Solve over $\mathbb{R}$:
$f(x^2 + y) = f(x^{27} + 2y) + f(x^4)$
from Chan's handout, "Intro to functional equations", (https://web.evanchen.cc/handouts/FuncEq-Intro/FuncEq-Intro.pdf)
My solution differs from the one given, and I was just wondering whether mine had some flaw or not. Please point out mistakes/corrections/improvements.
Plugging in $x,y=0$ we get $f(0)=0$,Plugging in $x=1,y=0$ we get $f(1)=0$ Now, for $x=1,y=q$, we get $f(1+q)=f(1+2q)$ replacing $1+q$ by $p$, $f(p)=f(p+q)$ and by setting $p=0$ we get $f(q)=0$ for all $q \in \mathbb{R}$.
My main doubt is whether I can set $p=0$ (or anything) as I feel that could be a mistake because that would fix $q$.
Another thought I had was for $x=0,y=y$, we get $f(y)=f(2y)$. Can this be put to any good use?

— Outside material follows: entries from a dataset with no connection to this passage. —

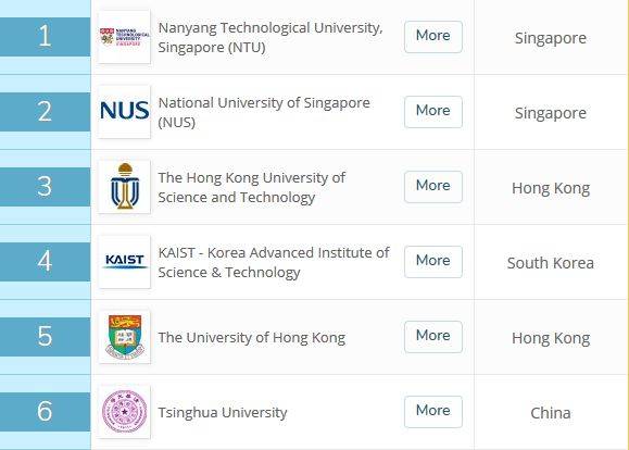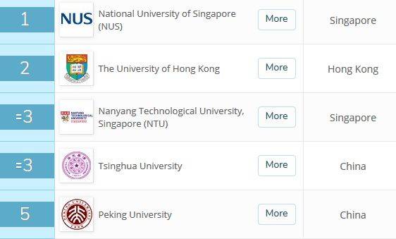 新加坡国立大学名列第一,香港大学跃居亚洲第二,紧随其后的是并列第三的南洋理工大学和清华大学
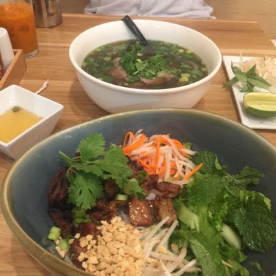 The oxtail soup noodles are a standout, offering a rich and savory broth. You can also enjoy fresh spring rolls and egg rolls, which are great for sharing.food_potoo
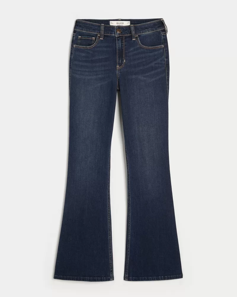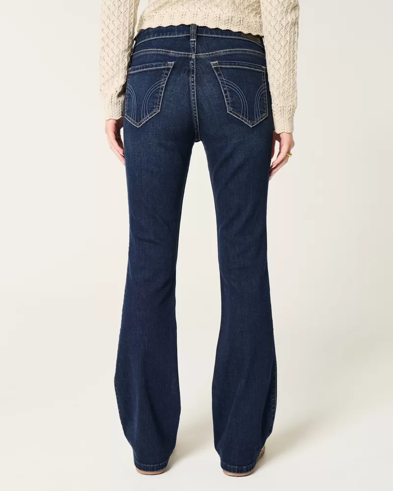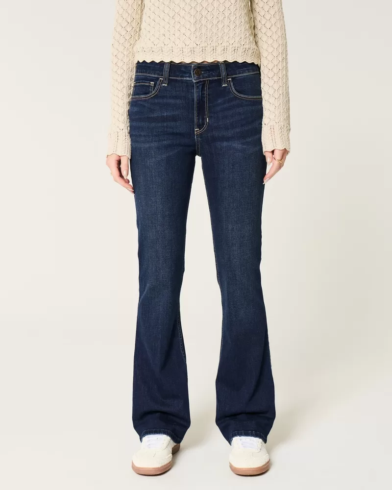 Cute and comfortable jeans in a dark wash, designed with a flattering mid-rise waist, slim leg and boot hem. Fading and whiskering, Soft Stretch denim.
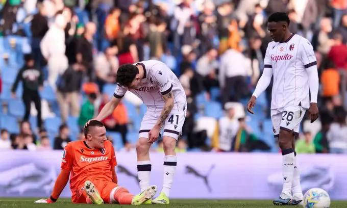 在英格兰维拉公园球场,博洛尼亚以0-4惨败给阿斯顿维拉,两回合总比分1-7被冷酷淘汰。这场失利并非偶然,博洛尼亚球队早在出征前就已经伤兵满营,包括主力门将斯科鲁普斯基在内的多名关键球员无法上阵,大幅削弱了整体战斗力。在攻防两端完全失控的情况下,博洛尼亚无力抵挡对手的猛烈攻势,被连进四球,最终黯然离场。
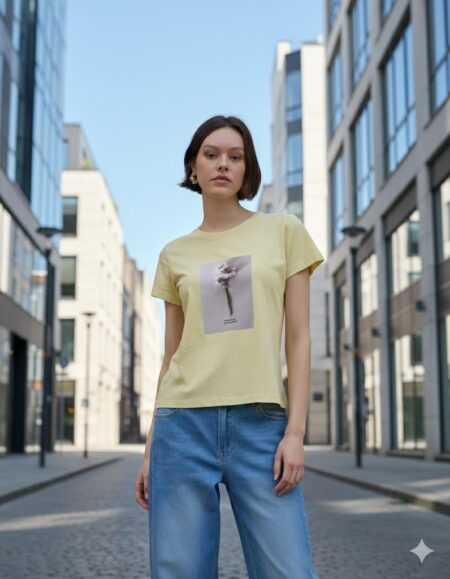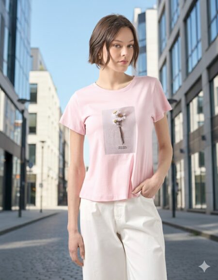Μπλούζα κοντομάνικη με στρογγυλή λαιμόκοψη, στάμπα με λουλούδι σε βαμβακερό ύφασμα, σε κανονική γραμμή
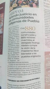 El segundo artículo periodístico de “Insurgente mx” tampoco disimula en nada su objetivo propagandístico: “Tejiendo justicia en las comunidades indígenas de Puebla”, con una foto del mismo delegado de Bienestar.
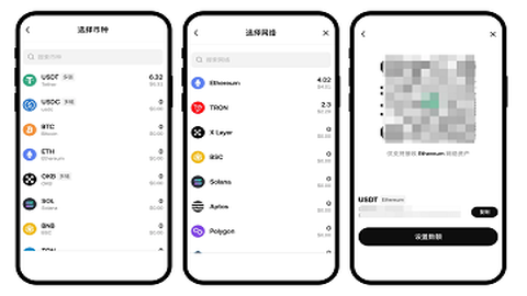 点击【接收】,搜索想要交易的币种,进入详情页获取收款地址。打开其他交易所或钱包,输入复制的收款地址或直接扫描二维码进行转账。
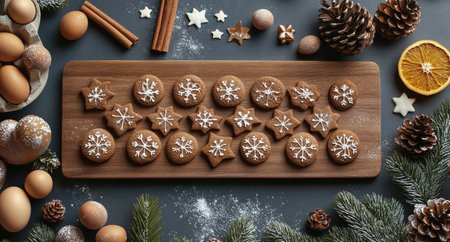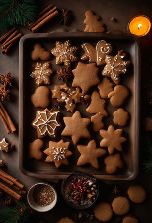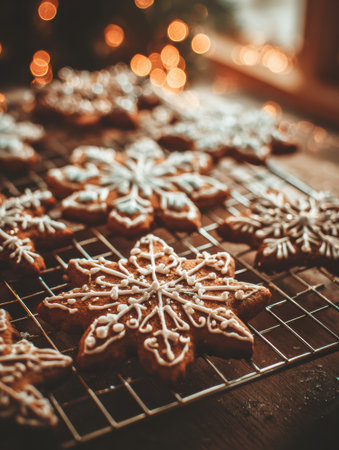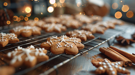 holiday baking, freshly baked gingerbread cookies cooling on a wire rack, with cinnamon sticks and star anise on the countertop emitting festive scents
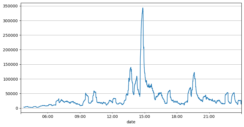result_df['quantity_sum'].rolling(1000).mean().plot(figsize=(10,5),grid=True);
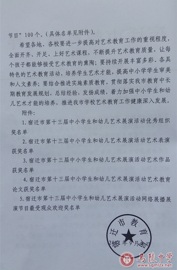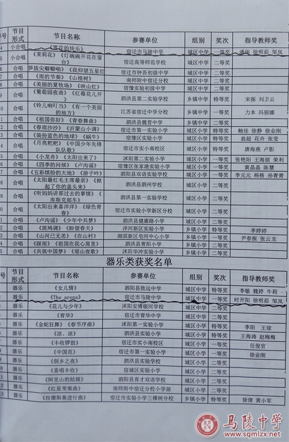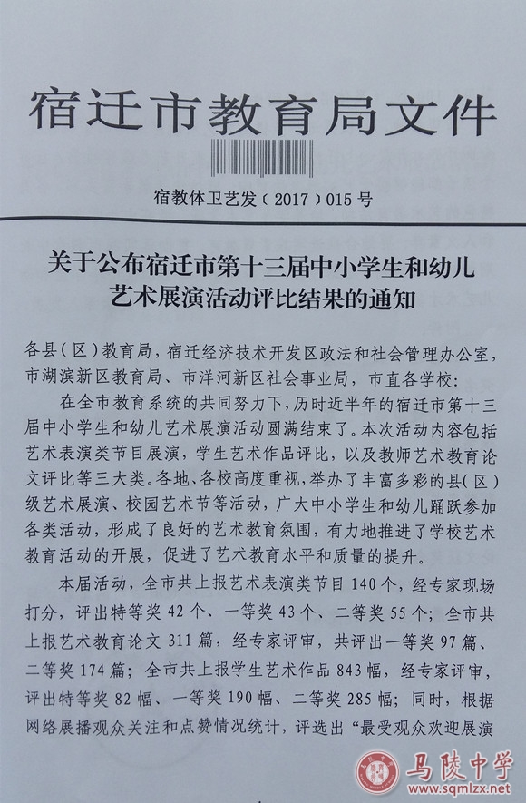 在宿迁市第十三届中小学生和幼儿艺术展演活动中,我校参赛作品小合唱《雪花的快乐》,荣获一等奖,指导教师潘伟、徐明茹、邹岚;器乐类作品《The arena》荣获一等奖,指导教师时开阳、徐明茹、邹岚。
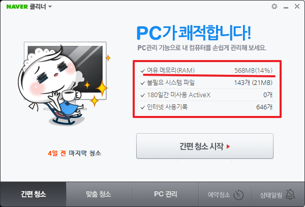 네이버클리너 - pc최적화및 메모리 최적화
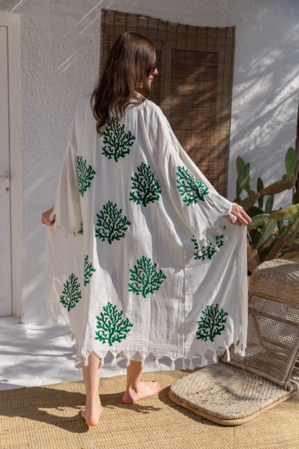Fresh, soft, and effortlessly elegant, this boho-inspired set pairs a breezy sage green top with flowing ivory pants. The top features open sides that create a relaxed, airy silhouette, adding movement and a touch of effortless charm. Crafted for comfort and style, the lightweight design makes it perfect for warm days, coastal escapes, or relaxed resort wear. The combination of soft green and classic white captures the calm beauty of natural, bohemian living.
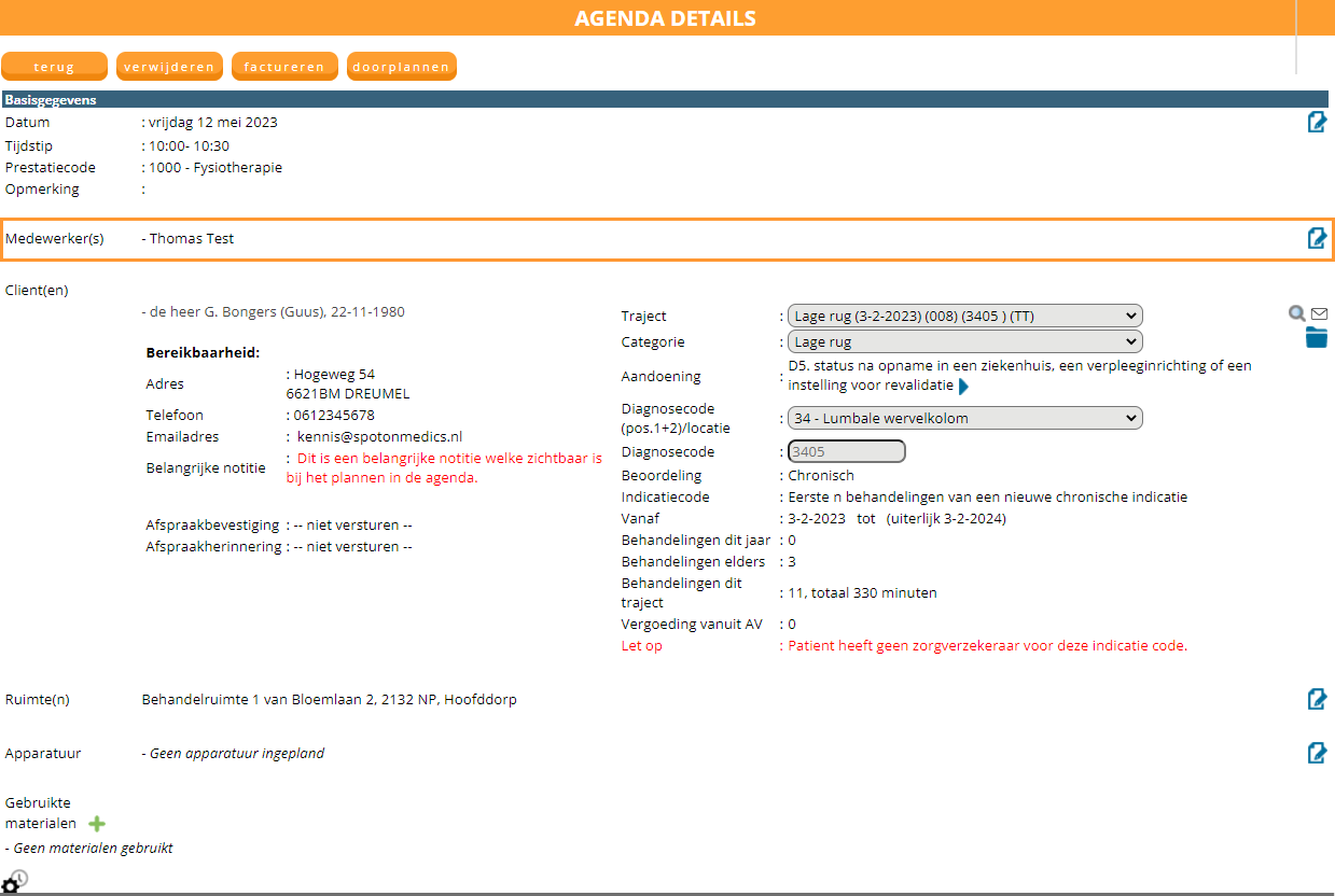 Om een agenda afspraak bij meerdere medewerkers in de agenda te plaatsen, dient u de afspraak bij één therapeut geplaatst te hebben. Vervolgens klikt u op de afspraak om in de agenda details uit te komen. Klik in de agenda details op het kladblokje achter de therapeut om meerdere therapeuten aan te vinken waarbij de afspraak ook in de agenda dient te staan. Wanneer u een therapeut uit de agenda afspraak wil verwijderen dan vinkt u het vakje bij de desbetreffende therapeut uit.
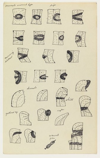 Untitled (clamped in place) c. 1970 ink and ballpoint pen on paper 6 x 4 inches
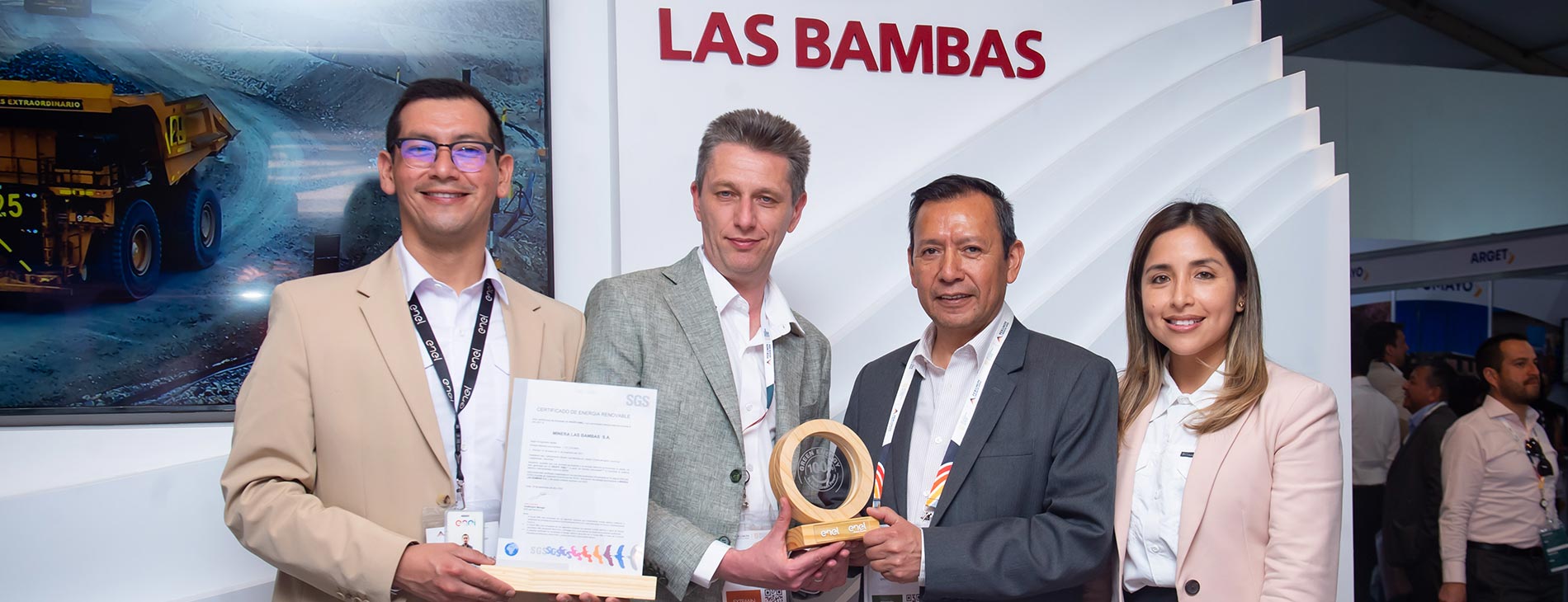 Minera Las Bambas recibió el “Certificado de Energía Renovable” de Enel Perú, acreditada por la empresa SGS, la cual certificó que la empresa eléctrica suministró a la minera el total de su consumo de energía eléctrica durante el año 2021, 1,157,278 MWh , a partir de fuentes renovables.

Thanks a lot for your help!
Well, you're right about fixing $q$. What you did was assume $p=1+q$, so the value of $p$ is dependent on $q$ and vice versa, so that's illegal. Setting $p=0$ is the same as setting $q=-1$, which only works for this $q$, in other words, you've proved only that $f(-1)=0$
I think if you want another solution you can try $y=x^4-x^2$, this gets you: $$f(x^{27}+2x^4-2x^2)=0$$ Since the expression inside can attain any real value, then $f(y)=0$ for all $y \in \mathbb{R}$